Cuenta de X de Carlos Albisu
Archivo, visita de Albisu a la Torre Ejecutiva cuando aún era presidente de la Comisión Técnica Mixta de Salto Grande
Pero los delegados de la CTM no fueron los únicos salteños con reuniones en Montevideo: también Carlos Albisu, el jerarca renunciante por las 36 designaciones directas en el organismo binacional y otros cambios controversiales en el estatuto de funcionarios, estuvo el viernes reunido en la residencia de Suárez y Reyes con el presidente Luis Lacalle Pou, confirmaron fuentes políticas a El Observador.
Albisu es el alfil del Partido Nacional –y de Lacalle, en especial– para ganarle al Frente Amplio la Intendencia de Salto en 2025. Tras su salida se ha limitado a retornar a la medicina desde un centro de salud local como otorrinolaringólogo, aunque en el Partido Nacional dan por hecho que debe seguir en carrera.

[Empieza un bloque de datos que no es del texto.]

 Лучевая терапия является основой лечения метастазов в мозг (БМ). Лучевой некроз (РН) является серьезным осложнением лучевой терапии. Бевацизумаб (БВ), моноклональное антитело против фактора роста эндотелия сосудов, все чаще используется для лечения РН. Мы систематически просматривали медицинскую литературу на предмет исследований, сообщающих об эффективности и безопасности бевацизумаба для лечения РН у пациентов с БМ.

A horas de que haya terminado la interpelación –con final incierto, en este momento– Lacalle Pou en persona estará en Salto para la apertura de Termatalia, el Encuentro Internacional de Turismo Termal, Salud y Bienestar. Allí se verá las caras una vez más con Albisu, quien también tiene previsto asistir al evento, según supo El Observador.
Esta vez será en público.
El factor Cabildo Abierto
Los blancos discutieron este lunes a consciencia de que no la tendrán fácil con Cabildo Abierto. El diputado salteño Rodrigo Albernaz ha sido de los más críticos con Salto Grande y este lunes al mediodía se juntó con el líder Guido Manini Ríos para informarle cómo procederá.

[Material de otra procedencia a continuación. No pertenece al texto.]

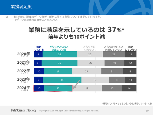 ・データサイエンス業務への満足度、またデータサイエンティストの将来性はいずれも昨年から低下傾向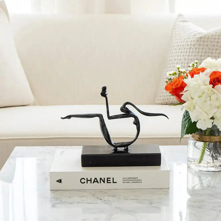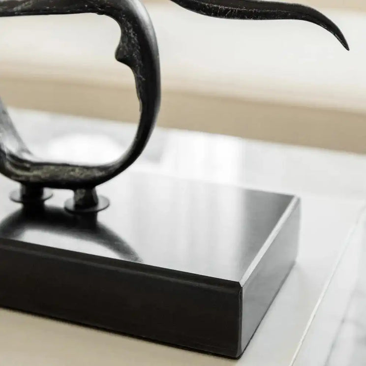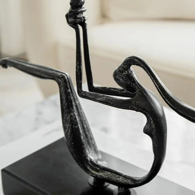 This sleek sculpture features a stylised figure of a mother and child in antique-effect metal on a black marble base. It makes an eye-catching addition to any style of home: classic or contemporary.

"Queremos que caiga la gestión –los delegados y los ediles que ingresaron–, que cambien los criterios para las designaciones y que se reduzca la discrecionalidad. Estamos a la espera de que el gobierno tome una decisión, recogiendo un número importante de los cambios que les hemos pedido informalmente hasta este momento. Si nos llevan estas medidas, van a tener un Cabildo Abierto que no va a tener ningún problema en respaldar al ministro", dijo a El Observador.

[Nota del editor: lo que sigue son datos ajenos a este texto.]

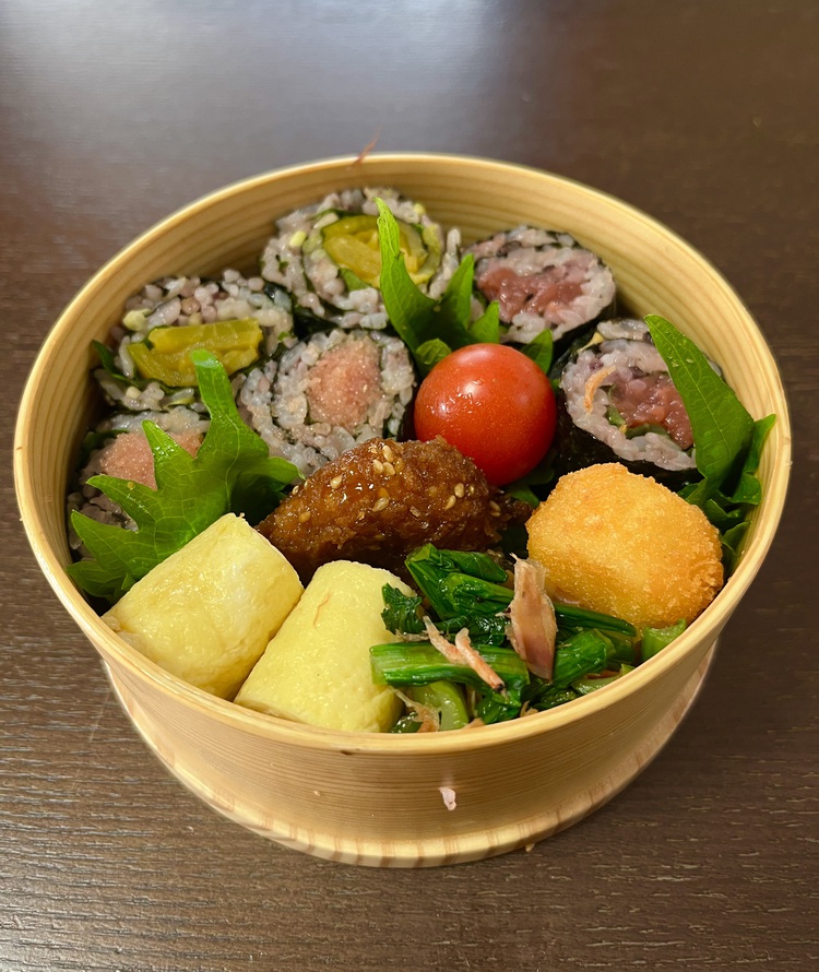 巻くだけおにぎらず、彩りよく、雑穀米で健康的(ʘᴗʘ✿)だし巻き玉子もふっくらいて、美味しそう(≧▽≦)

"Sino, se pone en juego el responsable administrativo. Somos conscientes que lo que se hacía no era en coordinación con Bustillo, sino con el secretario de Presidencia, Álvaro Delgado, pero en último caso el Ministerio (de Relaciones Exteriores) es el responsable político, y si Cabildo no tiene opción, no va a tener problema en censurar", afirmó.
Albernaz se mantiene firme en que el Ejecutivo deberá poner arriba de la mesa la renuncia de los delegados actuales en Salto Grande –Burutarán (404), Daniel Arcieri (404) y Nicolás Irigoyen (Vamos Salto)– y de los diez ediles blancos contratados.
También Manini Ríos seguirá el "minuto a minuto" de las respuestas del gobierno en Diputados, con final abierto respecto a cómo pararse con las mociones finales, pero desde la cúpula del partido aclararon a El Observador que el senador bajo ningún escenario avalará una censura en esta interpelación.
La misma versión manejaron los diputados blancos en su reunión de bancada este mismo lunes de boca del propio Álvaro Delgado.
La relación entre Torre Ejecutiva y Manini Ríos, independientemente de los roces del líder cabildante con Lacalle Pou, transita un buen momento tras el acuerdo en coalición para blindar la última Rendición de Cuentas que asignará recursos en el período.